Below this line are records; transcribe exactly the lines between the one holding "37522 Diesellokomotive BR" and the one holding "Skjortviken oli suosittu", inclusive, and omit the pictures.

-- DATASET --
=-=-=

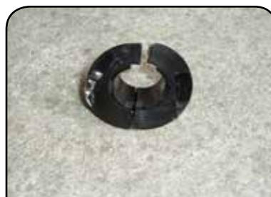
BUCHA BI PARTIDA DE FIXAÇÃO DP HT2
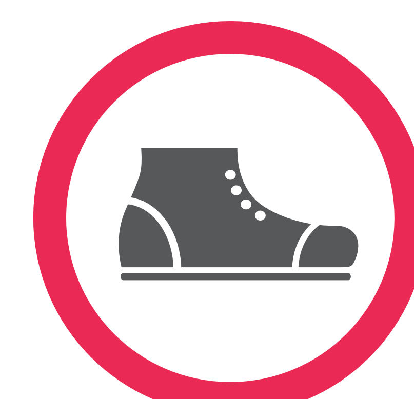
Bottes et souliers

=-=-=

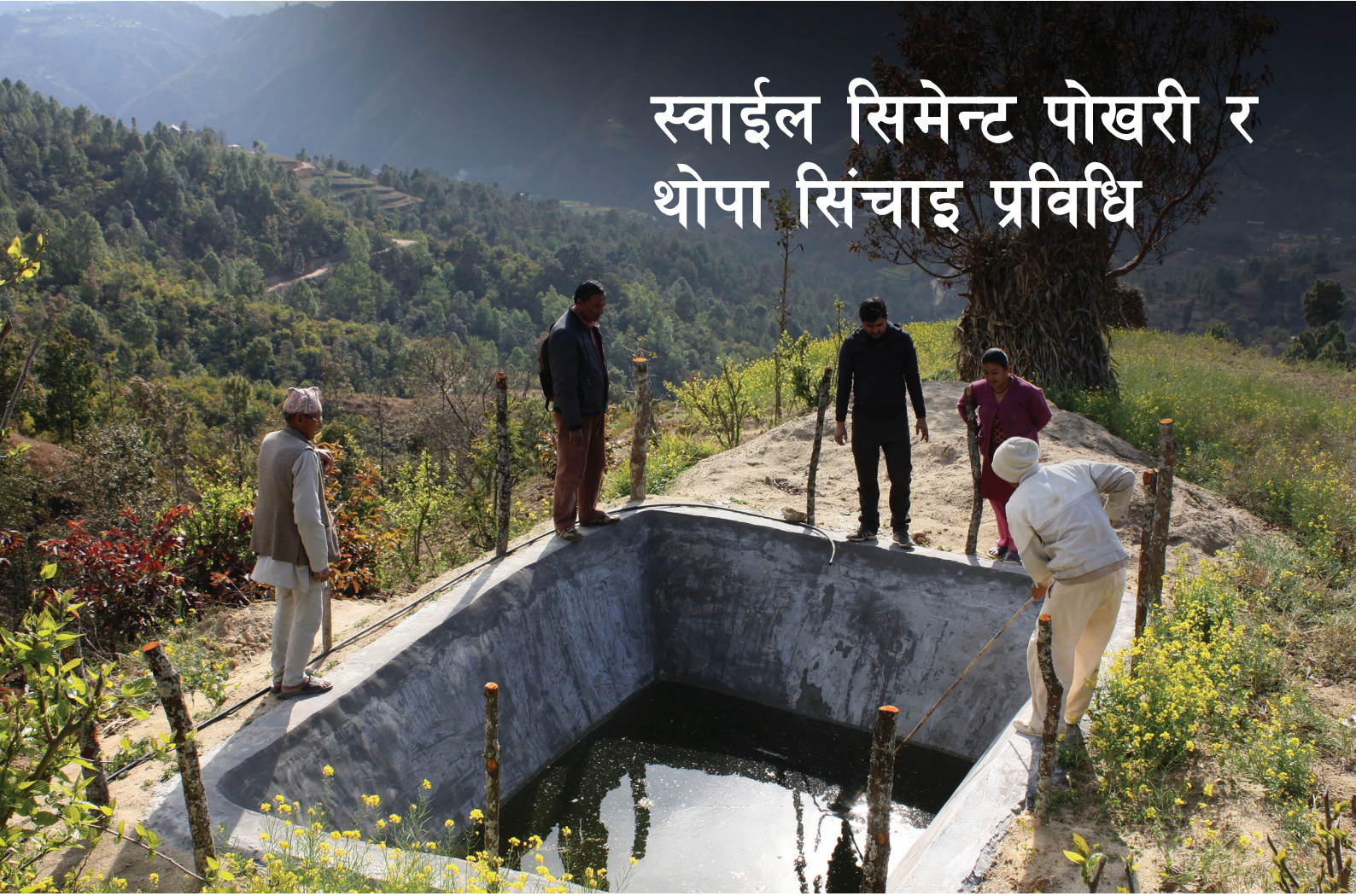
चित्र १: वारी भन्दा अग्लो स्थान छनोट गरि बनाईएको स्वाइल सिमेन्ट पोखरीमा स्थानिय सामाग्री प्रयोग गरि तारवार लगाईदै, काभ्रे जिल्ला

=-=-=

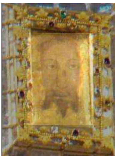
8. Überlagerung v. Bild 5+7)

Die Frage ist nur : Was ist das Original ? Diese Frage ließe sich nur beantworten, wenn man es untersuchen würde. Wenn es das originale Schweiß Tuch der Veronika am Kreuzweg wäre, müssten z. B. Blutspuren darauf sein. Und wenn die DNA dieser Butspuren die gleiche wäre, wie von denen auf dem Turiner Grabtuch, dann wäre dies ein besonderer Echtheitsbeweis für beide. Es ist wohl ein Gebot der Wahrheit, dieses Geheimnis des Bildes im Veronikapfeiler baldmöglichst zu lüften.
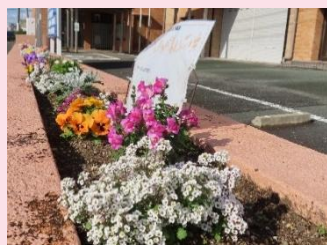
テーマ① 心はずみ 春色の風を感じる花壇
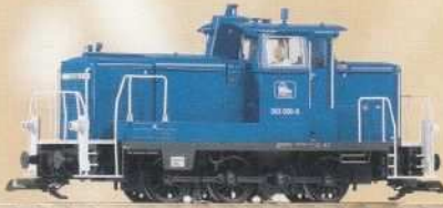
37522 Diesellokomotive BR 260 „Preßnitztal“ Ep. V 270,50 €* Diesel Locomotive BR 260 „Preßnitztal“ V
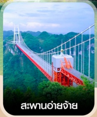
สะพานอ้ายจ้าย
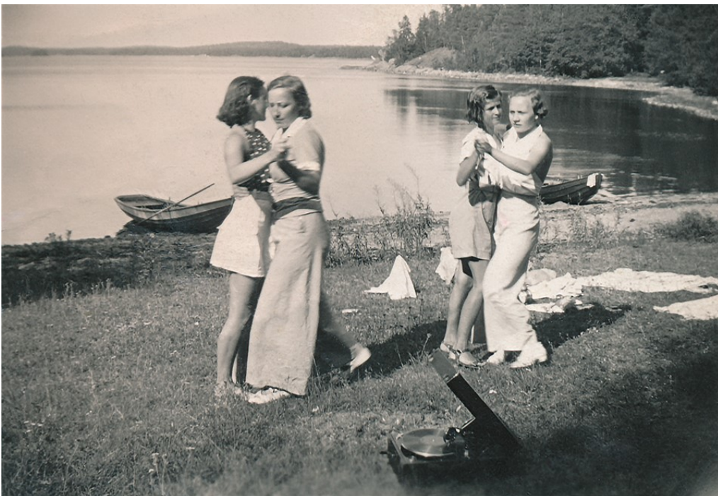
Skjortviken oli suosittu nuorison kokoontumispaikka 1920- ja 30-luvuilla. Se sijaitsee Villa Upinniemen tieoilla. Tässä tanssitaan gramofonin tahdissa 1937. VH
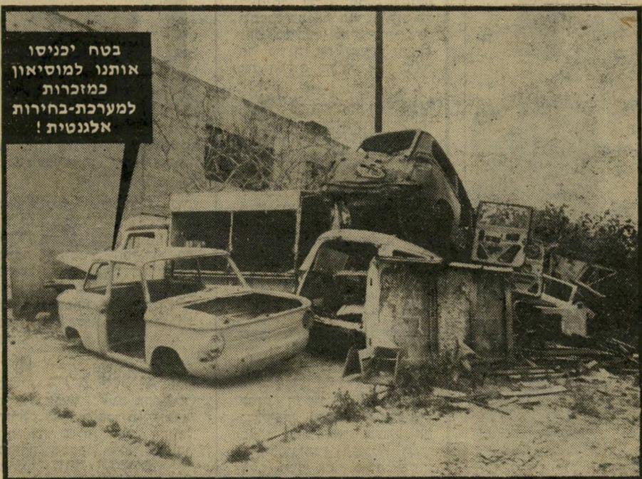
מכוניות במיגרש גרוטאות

=-=-=

-- FINISHED EXERCISE --
37522 Diesellokomotive BR 260 „Preßnitztal“ Ep. V 270,50 €* Diesel Locomotive BR 260 „Preßnitztal“ V
สะพานอ้ายจ้าย
Skjortviken oli suosittu nuorison kokoontumispaikka 1920- ja 30-luvuilla. Se sijaitsee Villa Upinniemen tieoilla. Tässä tanssitaan gramofonin tahdissa 1937. VH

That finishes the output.